Analysis  |  By Jay Asser  
   June 30, 2023

The deal will exit Bright Health from the insurance business as it shifts its focus to consumer care.

Molina Healthcare is set to acquire floundering Bright Health Group's Medicare Advantage (MA) business in California in a deal worth approximately $510 million, net of certain tax benefits, the company announced today.

With the sale, which is expected to close in the first quarter of 2024, Bright Health is now completely out of the insurance business and will turn its efforts to its consumer care products, according to a press release put out by the insurer.

Bright Health said it will take the proceeds of the sale to pay off its debts and obligations to benk lenders, with the remaining funds going towards liabilities in its discontinued Affordable Care Act insurance business.

"We are excited to enter into this agreement with Molina as it will allow Brand New Day and Central Health Plan to continue delivering localized, personal care to California consumers and will position Bright Health's Consumer Care Delivery business for long-term success," Mike Mikan, president and CEO of Bright Health, said in a statement. "The sale allows us to focus on driving differentiation and sustainable growth through our Consumer Care Delivery business."

For Molina, the deal gains them Bright Health's Medicare membership of approximately 125,000 enrollees in 23 counties in California, with 60% overlap with Molina's Medicaid footprint.
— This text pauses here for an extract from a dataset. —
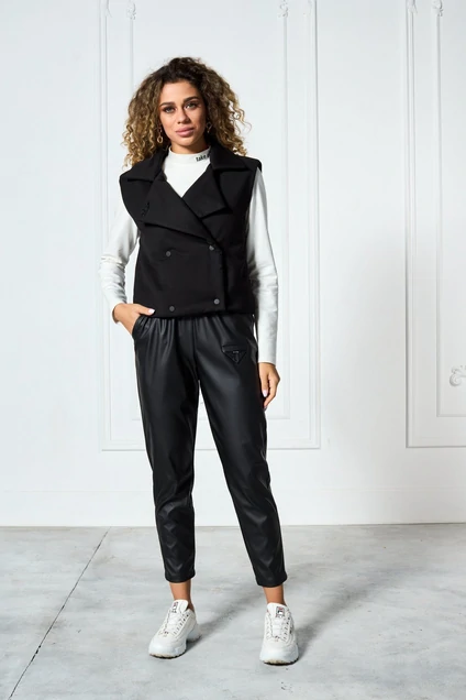 Брюки спортивного кроя из эко-кожи, пояс на резинке. По переду боковые карманы, к низу брюки слегка заужены. На левой передней половинке выполнен декоративный элемент с металлическим пришивным украшением. На поясе так же декоративная нашивка. Низ брюк на подгибке.

As part of the purchase, Bright Health will also enter into an agreement with Molina to serve Medicaid and ACA Marketplace members in Florida and Texas in 2024.

Joe Zubretsky, president and CEO of Molina, said in a statement: "These additions fit perfectly with our strategy of serving high-acuity, low-income members and represent a textbook execution of our growth playbook. We acquire viable assets at attractive valuations, then deploy our proven team of operators to deliver improved financial results. We are pleased to continue our meaningful growth in California as the latest realization of our national growth strategy."

Jay Asser is the CEO editor for HealthLeaders.